À la longue, le déballage obscène de fric me donnait la gerbe. L’argent, l’argent, l’argent. C’est ce qui va déterminer en partie avec qui tu vas devenir pote, qui tu vas pécho. Une forme de darwinisme social en somme. Difficile de brouiller les pistes, les autres n’hésitent pas à retourner le t-shirt que tu portes pour regarder l’étiquette de tes fringues du jour, et s’assurer que c’est de la marque.
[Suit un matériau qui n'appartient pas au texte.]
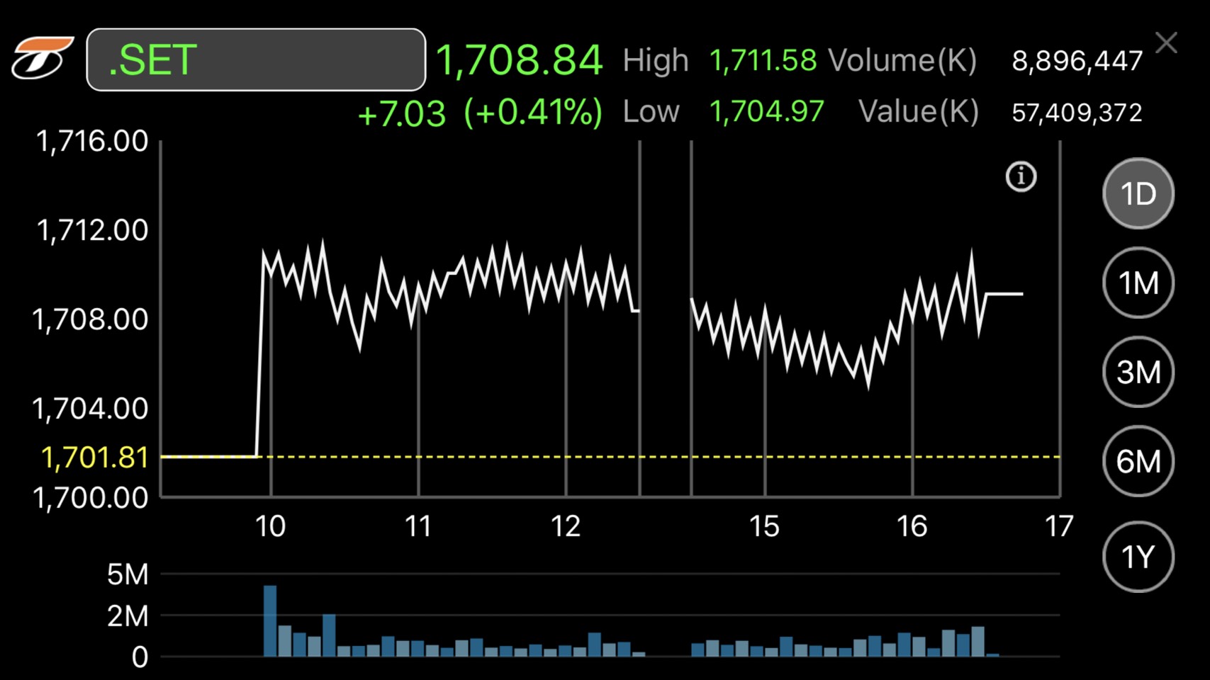 ผู้สื่อข่าวรายงานว่าดัชนีตลาดหลักทรัพย์ปิดการซื้อขายที่ระดับ 1,708.84 จุด เพิ่มขึ้น 7.03 จุด หรือร้อยละ 0.41 มูลค่าการซื้อขาย 57,626.26 ล้านบาท การเคลื่อนไหวตลาดหุ้นไทยวันนี้อยู่แดนบวกตลอดวัน โดยปรับขึ้นสูงสุดที่ระดับ 1,711.58 จุด และต่ำสุดของวันที่ระดับ 1,704.97 จุด

Je suis resté trois ans dans cette bulle de luxe et de mauvais goût. En grandissant, j’ai compris que la plupart des enfants ont été envoyés là, car leurs parents étaient trop importants pour s’occuper de leurs progénitures. Un pote à moi passait carrément ses vacances en famille d’accueil, comme si c’était un enfant de la DDASS. Au fond, pas grand-chose ne sépare ces gosses de riches des plus pauvres de France. Ils ont à peu près les mêmes problèmes : parents démissionnaires, drogues en tout genre, déprime. Ils ont juste le compte en banque pour compenser. D’ailleurs, les profs ou intervenants s’en rendaient vite compte, on était des sales gosses, et en cours on foutait parfois un bordel digne d’un lycée public.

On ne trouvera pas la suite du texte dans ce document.